Ma la domanda vera è: cosa c’è da salvare, oggi, nel nostro sistema sanitario? Forse ancora qualcosa. Ci sono medici onesti che combattono ogni giorno con turni impossibili e mezzi ridotti. Ci sono infermieri che restano umani nonostante tutto. Ma c’è anche una macchina burocratica che li schiaccia, un’organizzazione che non organizza nulla, un’assenza di direzione che ha trasformato la sanità in un mostro cieco e sordo.
Il cittadino calabrese non si sente solo malato. Si sente abbandonato, umiliato, preso in giro. È costretto a diventare esperto di “trucchi” per saltare le liste, a cercare l’amico dell’amico, a sperare che qualcuno “gli dia una mano”. In un mondo normale, si dovrebbe poter contare sul diritto. Qui si sopravvive grazie ai favori.

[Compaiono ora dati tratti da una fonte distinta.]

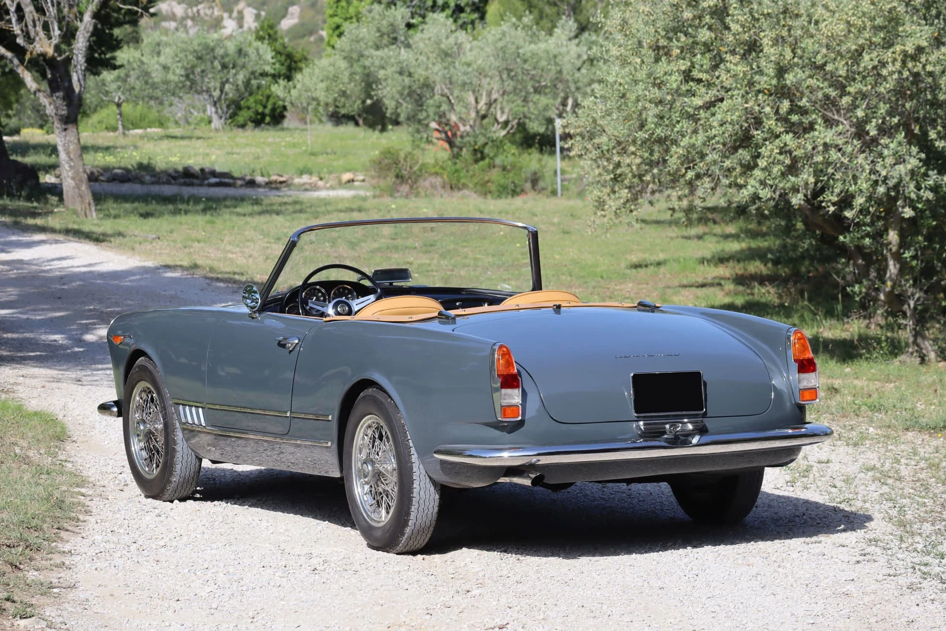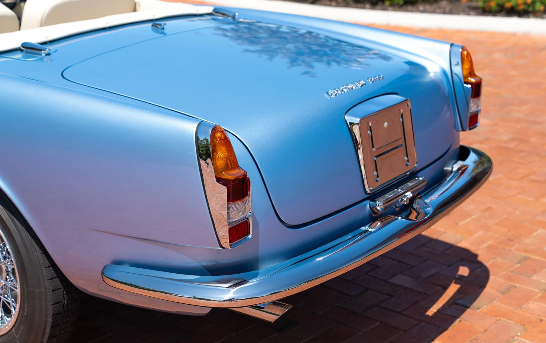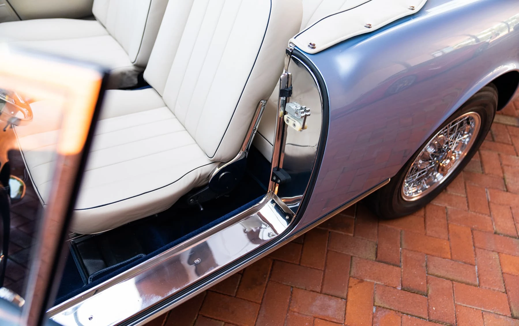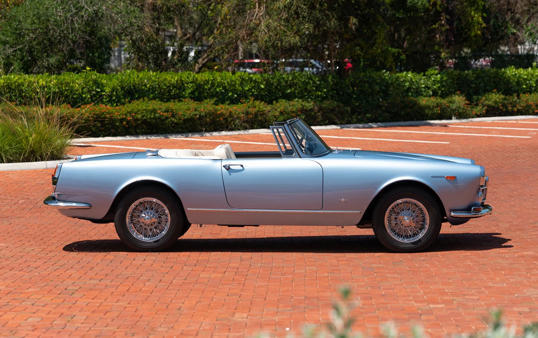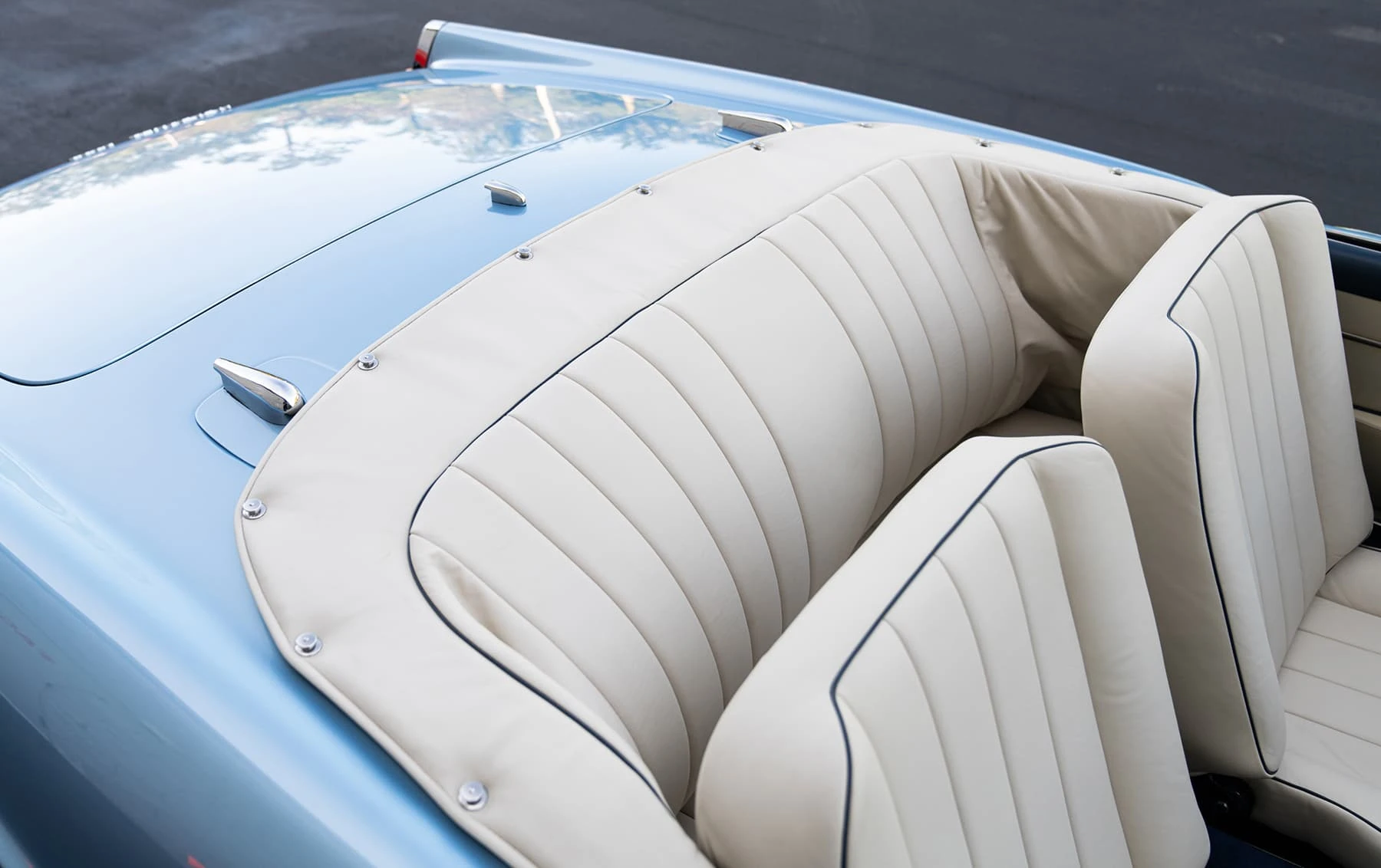 Réduite à l’état de métal nu, cette 2600 Spider a été repeinte dans une superbe teinte de bleu clair métallisé, associée à un intérieur recouvert de cuir de couleur lin. Le tableau de bord, typiquement en vinyle, a été recouvert de cuir bleu, ce qui crée un effet visuel saisissant avec la moquette et les passepoils des sièges bleu foncé. Le moteur a été reconstruit par les experts de la marque, Motorcraft, dans l’Indiana. Comme il s’agit d’une voiture de fin de production, les caches-cames sont finis en vert métallique et un rare jeu de carburateurs Weber plus performants a été installé en usine. En outre, elle est proposée avec un toit rigide en option d’usine – une pièce rare qui est complétée par le nouveau toit décapotable bleu.

E intanto si svuota anche la speranza. Perché chi può emigra: non solo per lavorare, ma anche per farsi curare. Così la sanità pubblica, che dovrebbe essere il pilastro dell’uguaglianza, diventa la misura di una disparità sempre più crudele.
E anche quando la giustizia prova a intervenire, il sospetto è che serva a poco. Perché in questa terra, non c’è nemmeno certezza della pena. Gli arresti domiciliari si trasformano presto in ritorni al lavoro, le indagini si allungano, le condanne, quando arrivano, non restituiscono nulla a chi è rimasto senza cure. Non si ha più fiducia neanche nella giustizia, che appare spesso lenta, remota, inefficace. E allora, che senso ha denunciare? Che senso ha indignarsi, se chi sbaglia alla fine non paga mai davvero?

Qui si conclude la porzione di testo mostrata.